What’s the secret to propelling your career into the stratosphere? You might ask alumnus Tim Kopra ’13, a real-life NASA astronaut who, needless to say, takes #careergoals to a whole new level.
Last month, members of the Columbia Business School community did just that during an exclusive Q&A session with Commander Kopra, who was livestreamed by NASA directly from the International Space Station some 220 miles above the Earth. More than 250 students, alumni, faculty members, and friends crowded into Uris 301 for the broadcast, while hundreds more tuned in online. The livestream was also broadcast to all NY TechDay attendees at the Columbia Business School booth. A select group headed to a microphone at the front of the lecture hall and lobbed questions to Kopra as he floated before their eyes in zero gravity.
A prevailing line of questioning centered on leadership. "Leadership is a continual learning process — we are always learning, whether it’s in a business scenario or here on [the] Space Station," Kopra said. "One of the things the MBA did for me was reaffirm that." He added that as a leader of a team, based on his experience as commander onboard, "it’s very, very important to listen and be flexible in your thinking" to get buy-in from other team members. "Your own opinion or your own approach may change. Or maybe sometimes it’s not appropriate to incorporate theirs, but making sure people are included in the process is important." Kopra went on to explain that even when he was a young aviator in the US Army flying a small Boeing AH-64 Apache helicopter, he always thought about his individual decisions in the context of the overarching team. "The decisions I made affected all the people I flew with," he said. "There’s always going to be a balance between individual decisions and the team aspect." In fact, it is this team-oriented mindset that is the biggest similarity between being a successful astronaut and being a successful executive, he added. "A spaceflight is completely a team sport. We have six people up here, but we have an army of people on the ground dedicated to this. Big things take a team. There’s no sole person who’s making this happen."

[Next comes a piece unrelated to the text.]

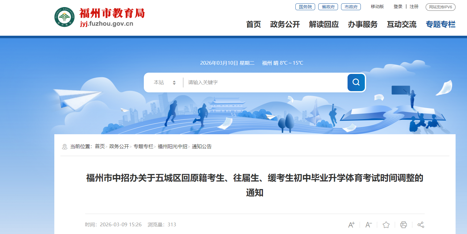 昨天(3月9日),福州市中招办发布通知称,因全市九年级质检、八年级地理生物质检时间为5月6—8日,为保障考生权益,原定于5月6日进行的五城区回原籍考生、往届生、缓考生初中毕业升学体育考试时间调整至5月9日,延后了3天。 同一天,2026年福州市体育中考方案发布。 记者梳理发现,除了“三大球”(篮球、足球、排球)从“抽考”调整为“选考”,报名、考试时间等内容也有所调整。 考试方案中 有哪些需要重点关注的事项? 相比去年 具体还有哪些变化呢? 01考试时间调整 方案显示,今年体育考试时间均有所调整: 鼓楼区、台江区、仓山区、晋安区、马尾区及省、市属有关学校的考试时间为4月10日至25日(26日—30日机动备考)。 缓考的考生、回原籍考生、往届生考试时间为5月9日。 长乐区体育中考须与五城区同步完成,其他县(市)区初中毕业升学体育考试在5月11日前完成。

Professor Mark Cohen, who preceded the livestream with a brief lecture and moderated the event, underscored this point, stressing that while "leadership is an exceedingly complex concept" it can be broadly defined as a behavior that encourages achievements that could not be accomplished by a single individual alone. Professor Cohen added that this leadership behavior ultimately entails just three things: acknowledgement ("of everything around you"), assessment of the situation, and action. "The idea of leadership has to resonate from top to bottom," he added. Leadership that’s felt throughout an organization can only happen when each team member is a "leader" in his own right, taking ownership of his own work and being "individually competent in our tasks," Kopra said. "As a business leader, having the required skills such that people respect you is very vital." Waxing philosophical, one Columbia community member asked Kopra whether his perception of the world has changed after seeing it from a distance "without borders." From space, Kopra responded, one can get a "very physical sense" of how interconnected the world is: he can see the globe being crisscrossed by networks of interlocking roads and watch ships traveling from one port to another, he said. Here on Earth, Kopra added, "business is one tremendous way that we are able to experience some of that interconnection and have some common bonds."
Kopra returns to Earth in June, after completing a six-month mission in space. This marks his second voyage to the International Space Station.